Entropy H(p_1), H(p_2),H(p_3)… etc will all get the same entropy value for a given node. The entropy formula is simplified in the above slide to make it easy to understand the calculation in the below slide
Entropy is more a property of node so for a given node it will be same. If nodes have notations like [C_1,C_2,C_3,......,C_J] and k classes in dataset then Entropy for given node C_j should be
H(C_j) = -p_0log_k(p_0) -p_1log_k(p_1)+.......-p_{k-1}log_k(p_{k-1})
here p_0 is fraction of class 0 at the node we are calculating entropy.
and p_1 is fraction of class 1 at the node we are calculating entropy etc
The information Gain formula should be
IG = H(C_{parent}) - (w^{left} H(C_{left}) + w^{right} H(C_{right}))
Here w^{left/right} = (Total number of elements in left/right node)/(Total Number of elements in parent node)
For Example lets consider dataset [cat1, cat2, cat3, dog1, dog2, dog3, dog4, mouse1, mouse2]
There are 3 cats, 4 dogs and 2 mice. Lets consider a decision tree as below
Entropy for C_{parent} node is
H(C_{parent}) = -p_{cat}*log_3(p_{cat}) -p_{dog}*log_3(p_{dog}) -p_{mouse}*log_3(p_{mouse})
here p_{cat} = 3/9, p_{dog} = 4/9, and p_{mouse} = 2/9
H(C_{parent}) = (-3/9 * log3(3/9)) - (4/9 * log3(4/9)) - (2/9 * log3(2/9)) = 0.966
The above entropy will be “1” if all the elements of the dataset are equal, i.e, 3 cats, 3 dogs, 3 mice. Similarly, you calculate H(C_{left}), H(C_{right})

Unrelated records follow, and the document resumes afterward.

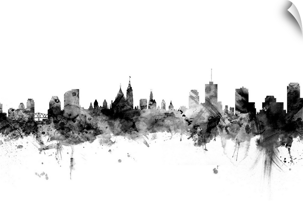 <p>Contemporary artwork of the Ottawa city skyline in black watercolor paint splashes.</p>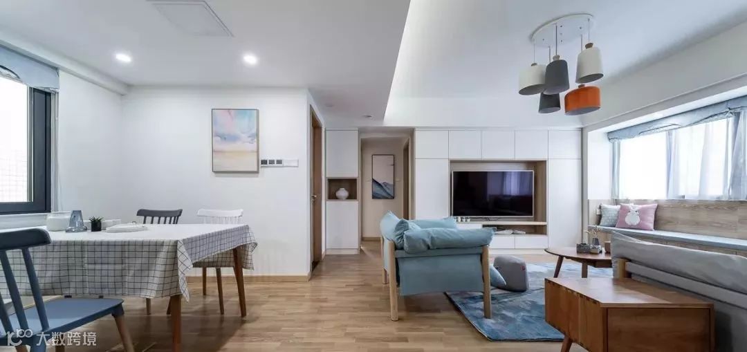 客厅与书房开放式设计,视野很开阔。白色墙面柜体搭配原木家具、地板,格外的自然清爽。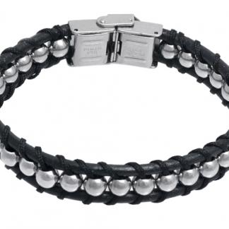 Stainless Steel Bracelet BLACK LEATHER BRACELET WITH BLACK COTTON STRING WITH STAINLESS STEEL BEADS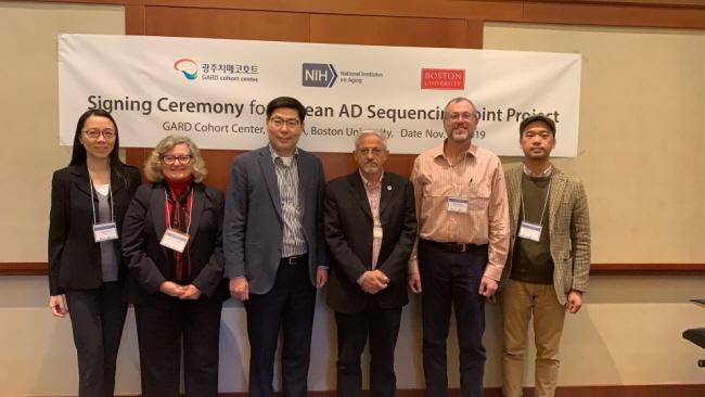 ¹Ì±¹ ±¹¸³º¸°Ç¿ø(NIH) »êÇÏ ±¹¸³³ëÈ¿¬±¸¼Ò(National Institute on Aging)·ÎºÎÅÍ ÇâÈÄ 5³â°£ ÃÑ 140¾ï¿© ¿øÀÇ ¿¬±¸ºñ¸¦ Áö¿ø¹Þ°Ô µÇ´Â À̹ø Çѹ̰øµ¿¿¬±¸ Çù¾à ü°áÀº ±¹¸³³ëÈ¿¬±¸¼Ò(National Institute on Aging) ³ú°úÇבּ¸ ÃѰýÃ¥ÀÓÀÚÀÎ ¿¤¸®¿¡ÀÚ ¸Å½½¸®¾Æ(Eliezer Masliah) ¹Ú»ç, Á¶¼±´ë Ä¡¸Å±¹Ã¥¿¬±¸´Ü À̰ÇÈ£ ´ÜÀå, º¸½ºÅÏ´ë ¸°Áö ÆÐ·² ¼®Á±³¼ö(Lindsay Farrer, º¸½ºÅÏÀǰú´ëÇÐ) µî 3ÀÚ°£¿¡ ÀÌ·ç¾îÁ³´Ù.

H(C_{left}) = (-2/5 * log3(2/5)) - (1/5 * log3(1/5)) - (2/5 * log3(2/5)) = 0.96
H(C_{right}) = (-1/5 * log3(1/5)) - (3/5 * log3(3/5)) - (0/5 * log3(0/5)) = 0.57
Finally, Information gain is calculated by
w^{left} = 5/9, w^{left} = 4/9
IG = H(C_{parent}) - (w^{left} H(C_{left}) + w^{right} H(C_{right}))

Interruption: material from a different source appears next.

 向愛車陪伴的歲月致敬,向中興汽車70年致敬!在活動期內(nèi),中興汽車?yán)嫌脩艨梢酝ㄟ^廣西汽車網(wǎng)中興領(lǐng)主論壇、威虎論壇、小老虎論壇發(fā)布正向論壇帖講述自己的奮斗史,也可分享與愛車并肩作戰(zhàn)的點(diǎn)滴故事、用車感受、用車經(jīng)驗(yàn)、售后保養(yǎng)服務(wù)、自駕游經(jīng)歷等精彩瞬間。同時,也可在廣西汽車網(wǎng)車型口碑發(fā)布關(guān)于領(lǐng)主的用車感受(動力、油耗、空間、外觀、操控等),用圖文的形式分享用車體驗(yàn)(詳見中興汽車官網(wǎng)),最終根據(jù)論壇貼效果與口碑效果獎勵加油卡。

IG = 0.97 - (5/9 * 0.96 + 4/9 * 0.57) = 0.183
Without context of how other features will perform we cant say if the above IG is good or bad but the right node seem to do good job of isolating dogs at least but we also have to consider that more elements are in left node and their entropy is very high which is bad.